- 1501 Okunma
- 6 Yorum
- 1 Beğeni
SENSİZ DOKUZ YIL ON AY / ACI DOĞURDUM AVUÇLARIMA
Okuduğunuz yazı Günün Yazısı olarak seçilmiştir.
Sevdiğim;
Önce bir sigara daha yakayım, elimde sağ yanağının olduğu yarım resme bakarak, bir kahır daha çekeyim seni sigaramın üstüne adını yazarak.
’Çok sigara içiyorsun’ diyorlar bana, gülüyorum! Bir sigara daha yakıyorum. Eller ne bilsin sevdiğim ben kahrını her nefeste çürüsün diye ciğerlerime çekiyorum.
Hatırlar mısın bilmem. Elimden tutup ’burada benimle yaşar mısın ? ’ demiştin. Pencereleri yoktu, yıkıktı, döküktü, sıvasız duvarları, gülmüştüm sevdiğim, yüzümü yüzüne asıp daha sıkı tutup elini ’ burası salonumuz olur, burası mutfak, ama söz ver salatayı hep sen yapacaksın, burası da sana sarılıp ...’
Gülüşün sıvadı duvarları, o an dedim ’ Tanrım bir ömür kış görmeyeceğim’
Ne serseriliğimiz nede gözü karalığımız yetmedi etten duvarları yıkmaya. Gurur denen illet tek lafınla kalktı şaha, telefonun ucunda duyulan iki hıçkırık düğüm oldu gırtlağımıza. Dil bileylendi ’bitti’ dedin sonunda...
Leylasız bir çöl bıraktım sana, dilsiz bir göç hatıra.
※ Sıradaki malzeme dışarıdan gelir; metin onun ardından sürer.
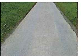
Station Lane Condition (232)
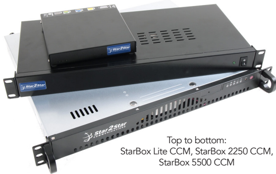
Top to bottom: StarBox Lite CCM, StarBox 2250 CCM, StarBox 5500 CCM

Your business is unique, so you shouldn't have to settle for a one-size-fits-all communications solution. At Star2Star, we've been making intelligent, Internet-based communications systems for seven years. Everything we've learned is embodied in the latest versions of our StarBox Cloud Connection Managers. One of them is just right for your business.
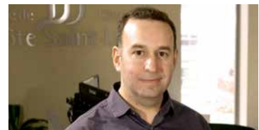
Joel Wener Special Recognition Award
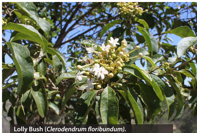
Lolly Bush ( Clerodendrum floribundum ).
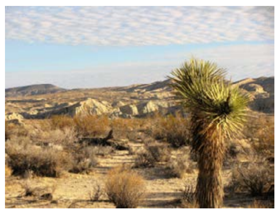
Figure 5. Outstanding scenery
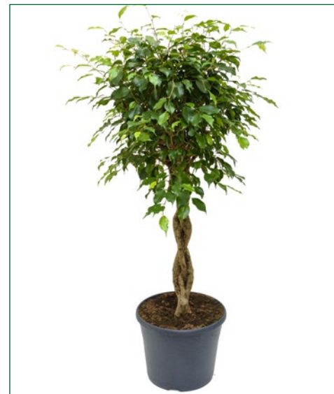
Artcode: 4FIBEGS12 Description: Ficus benjamina Variety: Stem braided Pot: 35 Height: 150
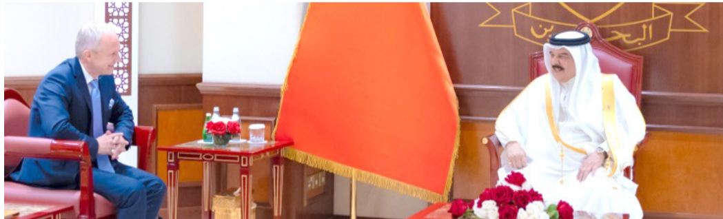
HM King receives the 77th UNGA President

HM King Hamad highlighted the meeting of the Council of Presidents of the United Nations General Assembly, hosted by the Kingdom last March, and its outcome in terms of consolidating the UN's principles to achieve global progress and
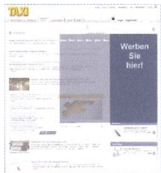
Expandable Half Page Size: 300 x 600 px 630 x 600 px
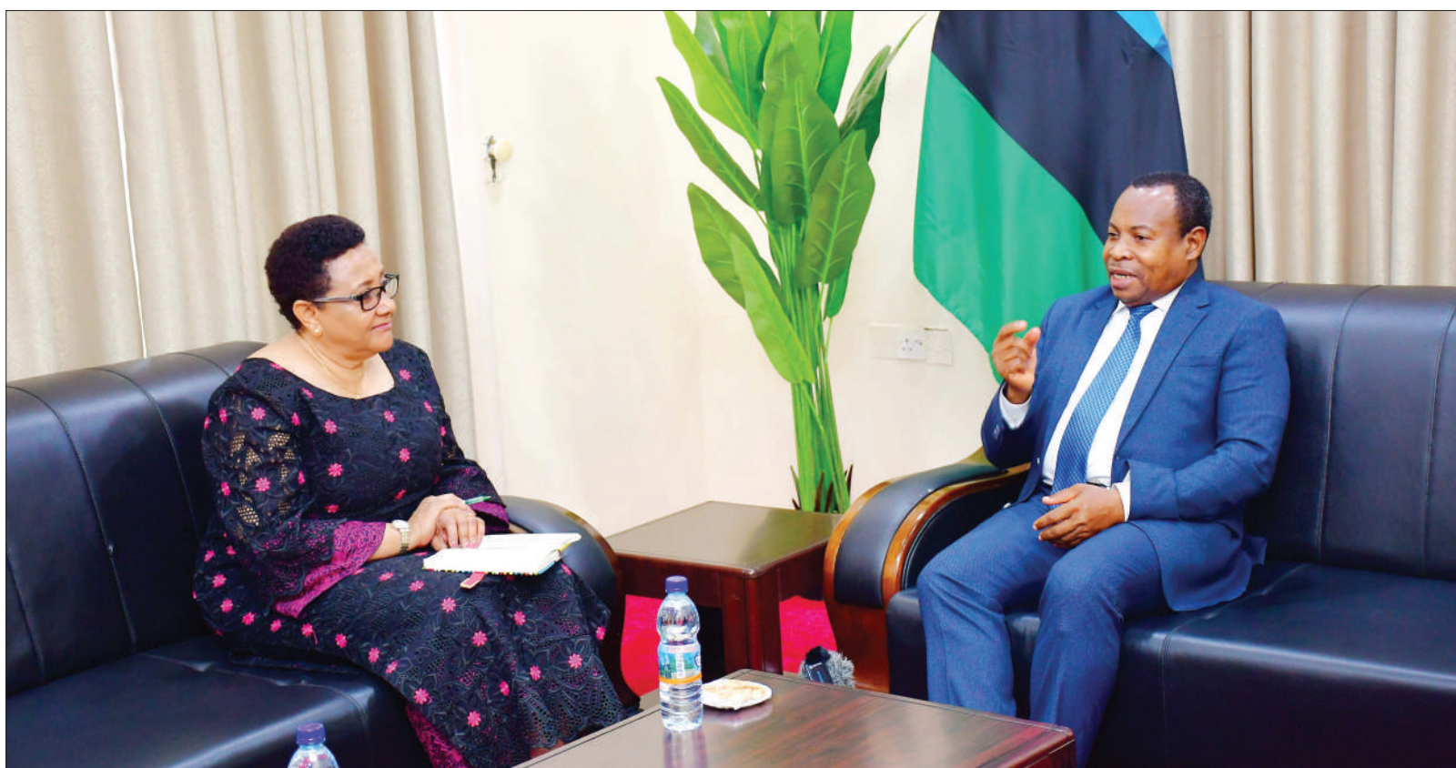
Zanzibar's First Vice President, Othman Masoud Othman (R), has an audience with Foreign Affairs and East African Cooperation minister Stergomena Tax in Zanzibar yesterday. She went to introduce herself following her recent appointment.

Ayık bir yürekle seven her insan acının sarhoşluğuna dem olur. Ne zaman açık bir yarayla sana kanasam şair dediler adıma. Beni terk ettiğinden beri yıllar geçti üzerinden tam tamına dokuz yıl on ay. Acının gebeliğinde sancılı bir yaşam senden arda kalan. İçimden düşmesin diye adın harflerle seviştim, çelme taktım sevdalara, içimde ki boşluklara tırnaklarımla kazırken hasretini, seni gördüğüm o topraklı yolda düşürdüm gençliğimi. Her gün basıp geçtin değil mi üzerinden, kapında ki paspasa sildin izlerimi, karşında benim olmayan bir gülüş, benim olmayan kollar sardı seni. Kader dedin değil mi ayrılığa sebep. Suçu Tanrı’ya yükledin. İnsan kendi kaderini kendisini yazar diyorlar, kalemi kimin eline verdik ki biz ayrılık yazdı alnımıza...
Şimdi hangimiz kâğıt hangimiz kalem, bunca yıl bunca acı yol mu oldu sana sular hep tersine mi aktı, hem neden unutmadın ki beni, gerçi bende unutmak için sevmemiştim seni. Üstelik kimsesizdim, kimsem ol istemiştim…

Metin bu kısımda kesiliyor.